Corona crisis bringing racism to light?
There have been repeated warnings about the potential impact of Covid-19 in African states on the grounds that HealthCare systems there are particularly ill-equipped to deal with the pandemic. Commentators refute this view and denounce racist attitudes in the discussion about the illness.
We'll talk after the pandemic!
A colonial perspective lies behind warnings that the real disaster is yet to come in Africa, Senegalese scholar Felwine Sarr, a social scientist at Senegal's L'Université Gaston Berger, comments angrily in Süddeutsche Zeitung:
“Always the old racist condescension that doesn't bother to look properly at the reality of the situation. ... The fact that most African countries took drastic measures at a very early stage while some European countries were asleep is irrelevant.

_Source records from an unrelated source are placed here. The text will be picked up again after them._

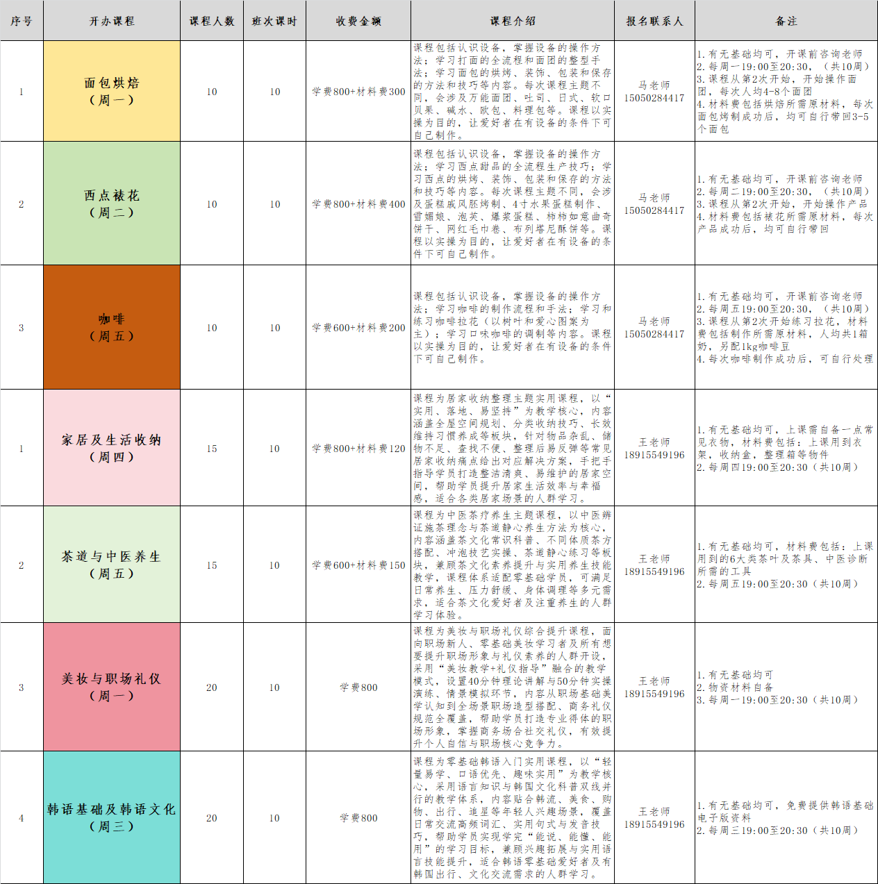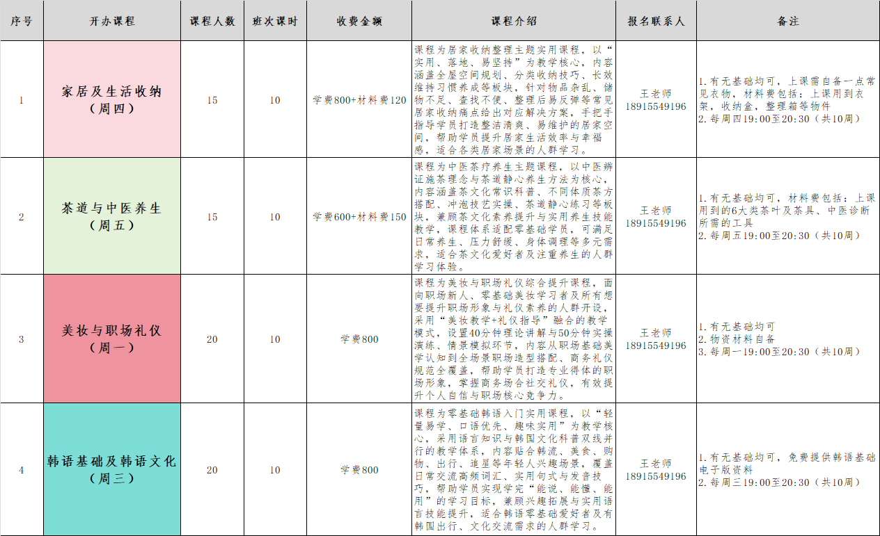 此外,我们的新课还有:萨克斯演奏、家居及生活收纳、美妆与职场礼仪、韩语基础及韩语文化……
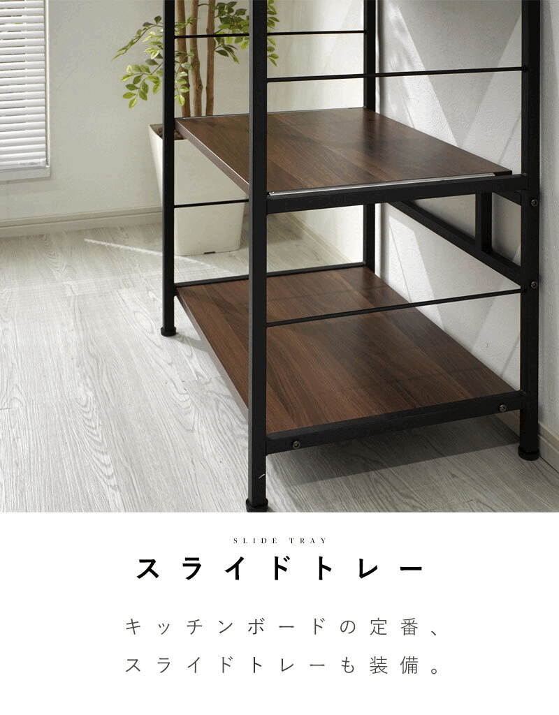 炊飯器やレンジ、オーブンなどのキッチン家電類、食器、食材をひとまとめに収納して、効率的にキッチンをお使いいただけるキッチンラックです。
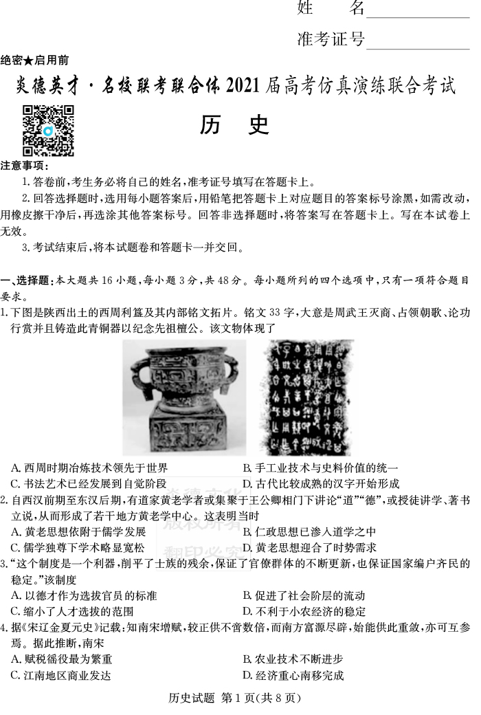 2026湖南師大附中新高考考前小題訓練·歷史
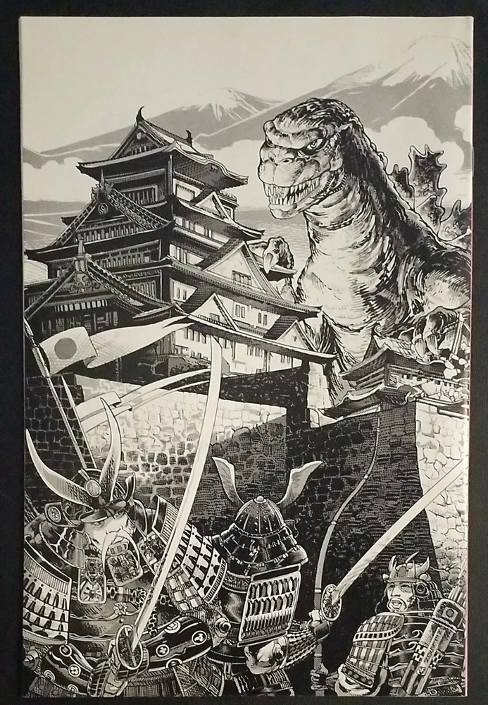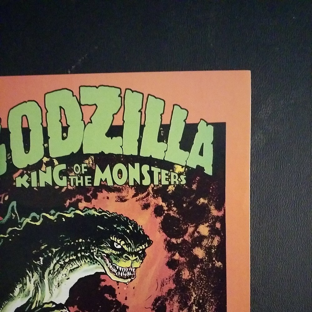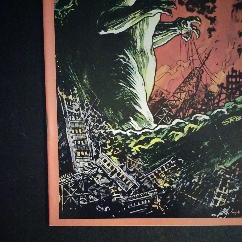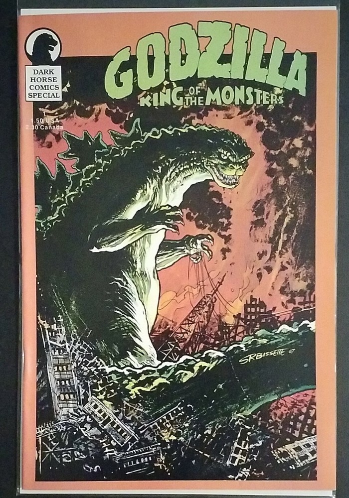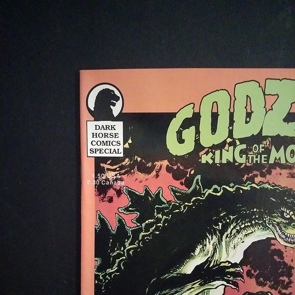Godzilla King of the Monsters #1 Dark Horse Comics 1987. Written by Randy Stradley and Steve Bissette. Art by Steve Bissette, Ron Randall, Art Nichols and Tony Salmons. Cover by Steve Bissette. The BIGGEST character of all time is back--like you've never seen him before! Plus, beginning in this issue, a series of full page pin-ups by Giffen, Moore, Vess, Vietch, Yeates, Gulacy, Chadwick, Warner, Eastman & Laird, Salmons and others! B&W. Cover price $1.50.

The worst is being predicted. It's Africa we're talking about! It's inconceivable that this continent could get off lightly. We forget that Africa has a long experience with infectious diseases. And a greater capacity to cope with shocks. We'll talk after the crisis.”
Exposing the rot
Responses to the corona crisis show that racism is still widespread, The Guardian complains:
“Racial disparities have a history, and it is no surprise to see a colonial mindset at work in much of the coronavirus response. From some of the early failure to take advice seriously when it came from east Asian countries, to the debate in France about testing new vaccines on Africans (a time-honoured practice in which black lives are valued less). Covid-19 has a way of drawing out the rot in our systems and exposing them.”